GIVEN INFORMATION:
▼

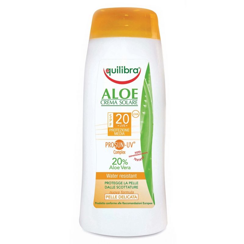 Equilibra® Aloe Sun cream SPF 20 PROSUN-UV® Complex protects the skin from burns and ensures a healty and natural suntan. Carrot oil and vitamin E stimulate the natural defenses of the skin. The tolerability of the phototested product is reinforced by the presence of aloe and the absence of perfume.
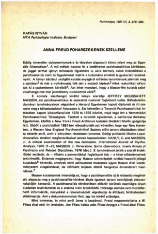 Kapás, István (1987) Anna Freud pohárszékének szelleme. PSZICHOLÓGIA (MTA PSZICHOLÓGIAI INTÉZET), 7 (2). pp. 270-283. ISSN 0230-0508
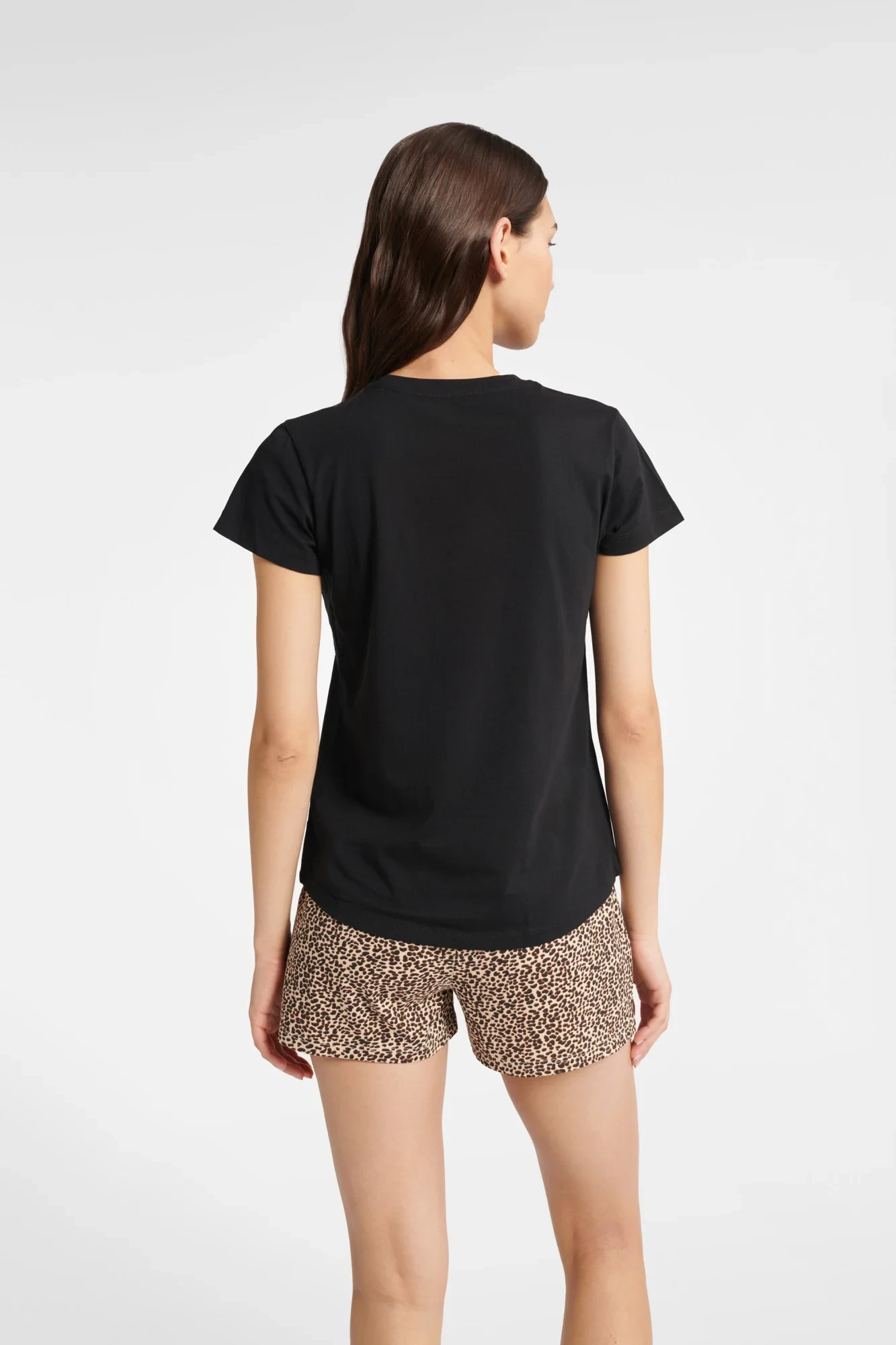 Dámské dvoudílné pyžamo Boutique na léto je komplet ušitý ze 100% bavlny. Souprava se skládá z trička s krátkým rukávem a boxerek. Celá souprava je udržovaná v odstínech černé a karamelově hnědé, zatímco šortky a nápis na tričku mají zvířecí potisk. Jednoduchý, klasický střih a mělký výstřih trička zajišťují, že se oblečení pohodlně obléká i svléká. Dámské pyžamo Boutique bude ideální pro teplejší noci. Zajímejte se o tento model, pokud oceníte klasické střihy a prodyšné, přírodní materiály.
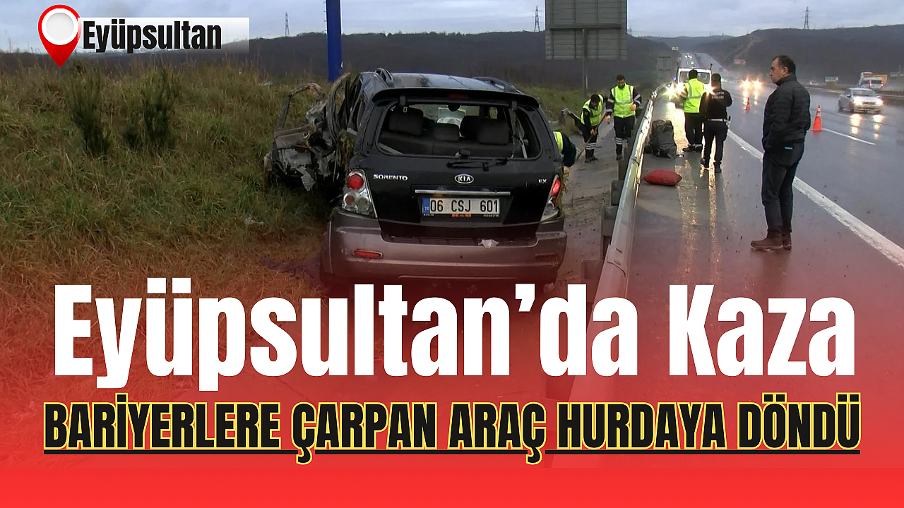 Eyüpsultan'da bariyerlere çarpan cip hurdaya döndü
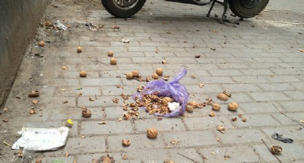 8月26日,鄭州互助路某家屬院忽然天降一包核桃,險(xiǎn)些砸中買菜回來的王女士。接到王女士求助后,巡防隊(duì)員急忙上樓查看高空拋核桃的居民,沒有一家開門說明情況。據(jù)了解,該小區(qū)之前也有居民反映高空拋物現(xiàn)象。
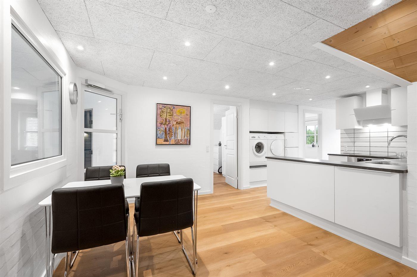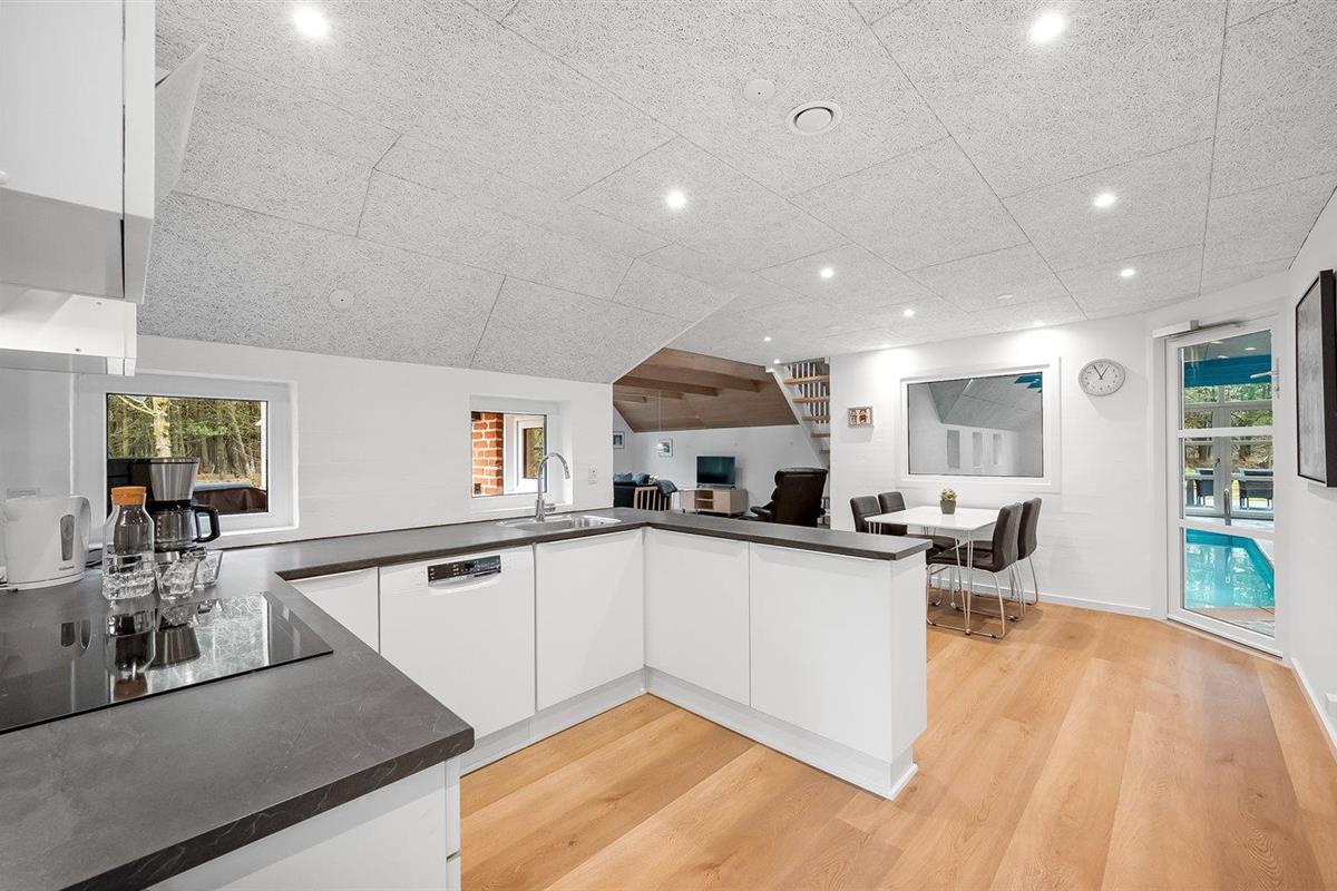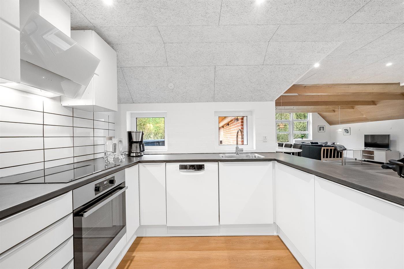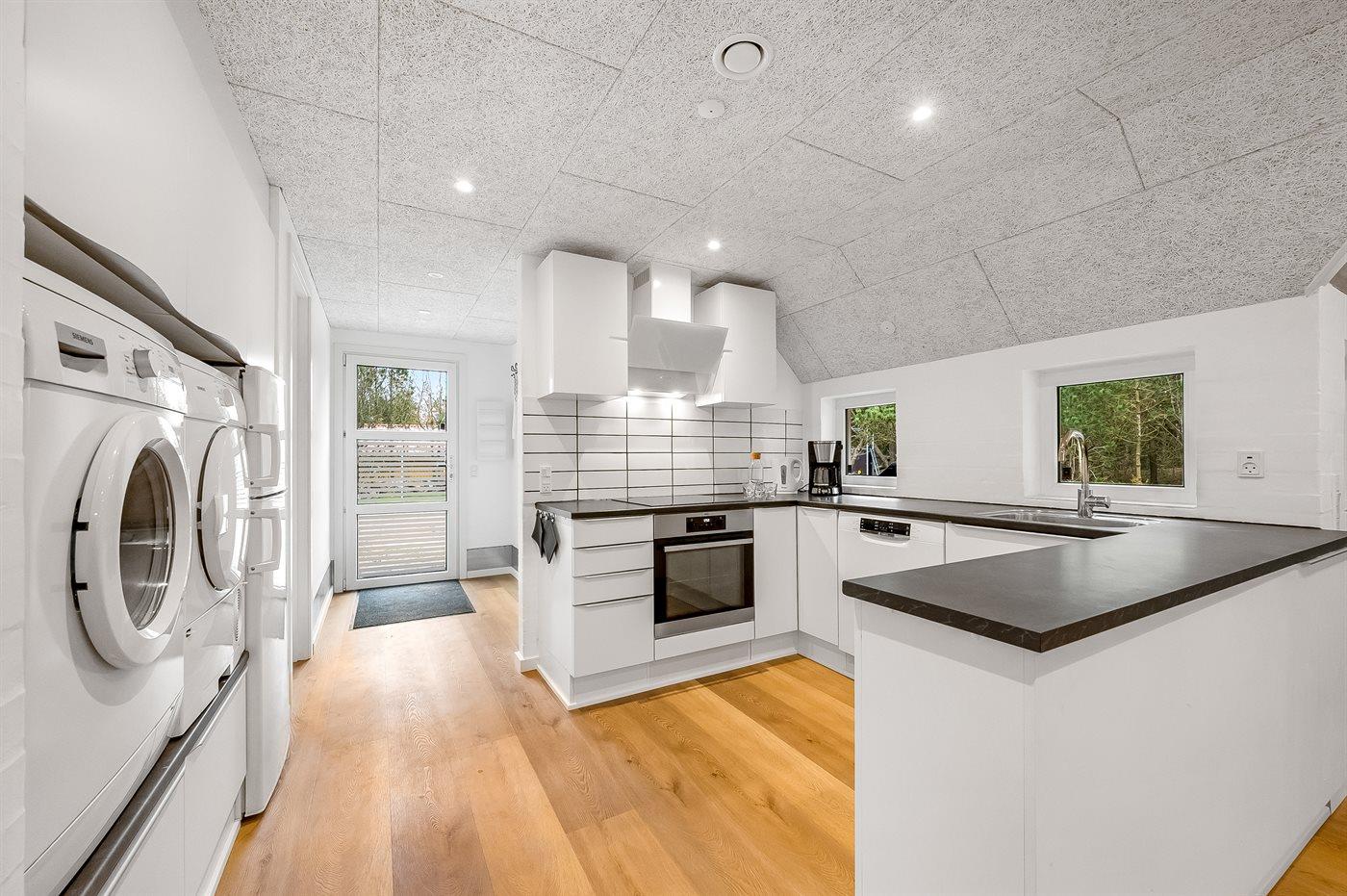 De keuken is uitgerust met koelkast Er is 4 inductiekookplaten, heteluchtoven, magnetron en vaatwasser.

▲
▼

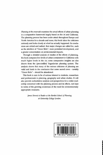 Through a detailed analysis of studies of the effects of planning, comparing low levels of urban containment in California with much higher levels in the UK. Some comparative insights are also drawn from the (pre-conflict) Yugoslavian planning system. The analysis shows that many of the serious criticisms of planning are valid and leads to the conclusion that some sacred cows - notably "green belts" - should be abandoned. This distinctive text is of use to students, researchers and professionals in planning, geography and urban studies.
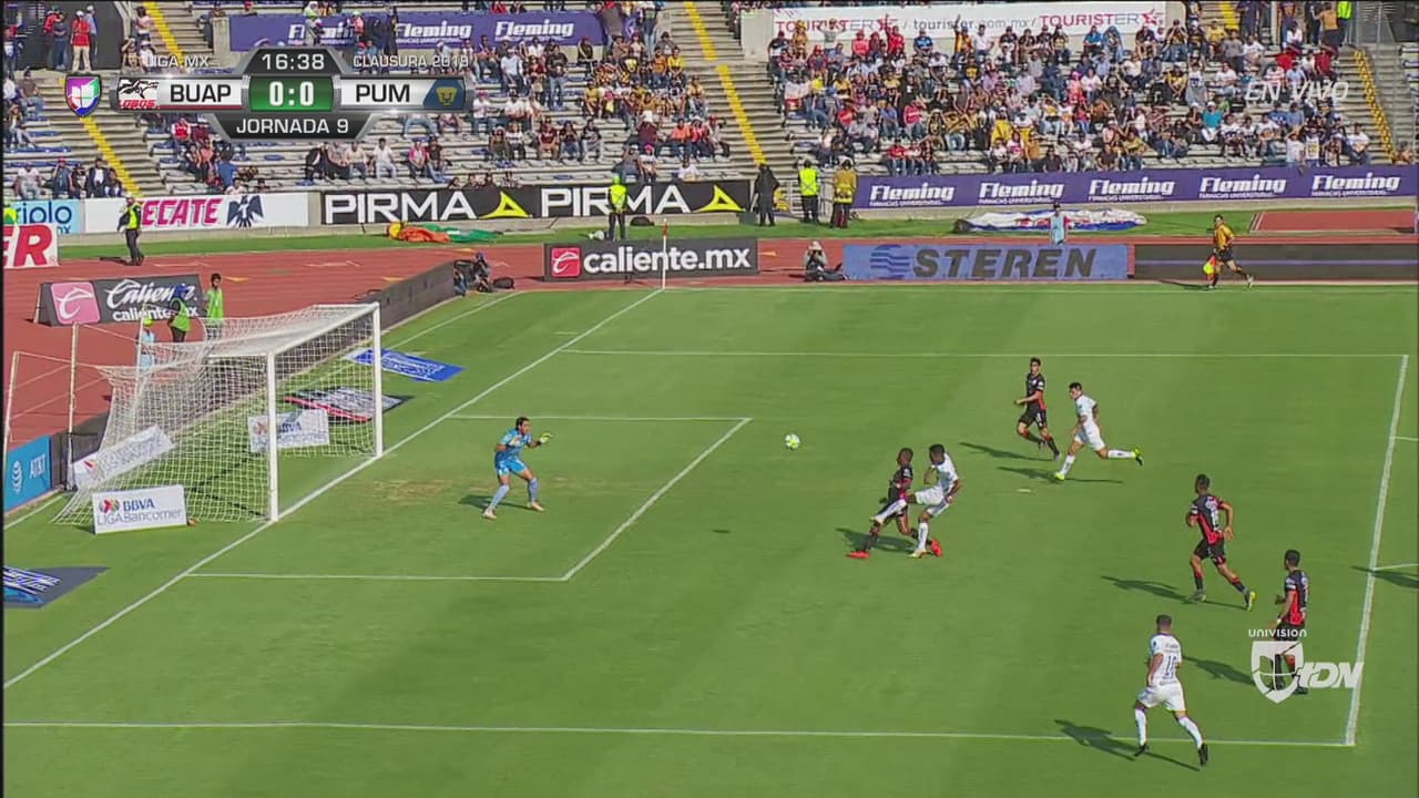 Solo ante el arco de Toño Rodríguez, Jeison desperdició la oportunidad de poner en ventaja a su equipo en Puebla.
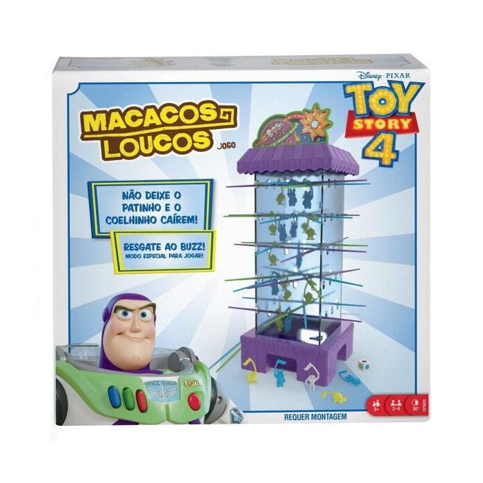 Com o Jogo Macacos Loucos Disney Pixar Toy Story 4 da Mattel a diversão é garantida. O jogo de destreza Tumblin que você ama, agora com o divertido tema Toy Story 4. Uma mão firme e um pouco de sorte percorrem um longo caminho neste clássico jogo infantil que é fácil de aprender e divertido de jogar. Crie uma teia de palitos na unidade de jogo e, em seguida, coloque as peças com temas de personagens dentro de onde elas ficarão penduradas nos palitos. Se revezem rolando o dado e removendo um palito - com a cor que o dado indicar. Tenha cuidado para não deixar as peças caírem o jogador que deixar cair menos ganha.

▲

EXERCISE BRIEF: Copy only what runs above from the line containing "8月26日,鄭州互助路某家屬" through the line containing "De keuken is", exactly. Leave out the pictures.

EXERCISE ANSWER:
 8月26日,鄭州互助路某家屬院忽然天降一包核桃,險(xiǎn)些砸中買菜回來的王女士。接到王女士求助后,巡防隊(duì)員急忙上樓查看高空拋核桃的居民,沒有一家開門說明情況。據(jù)了解,該小區(qū)之前也有居民反映高空拋物現(xiàn)象。
 De keuken is uitgerust met koelkast Er is 4 inductiekookplaten, heteluchtoven, magnetron en vaatwasser.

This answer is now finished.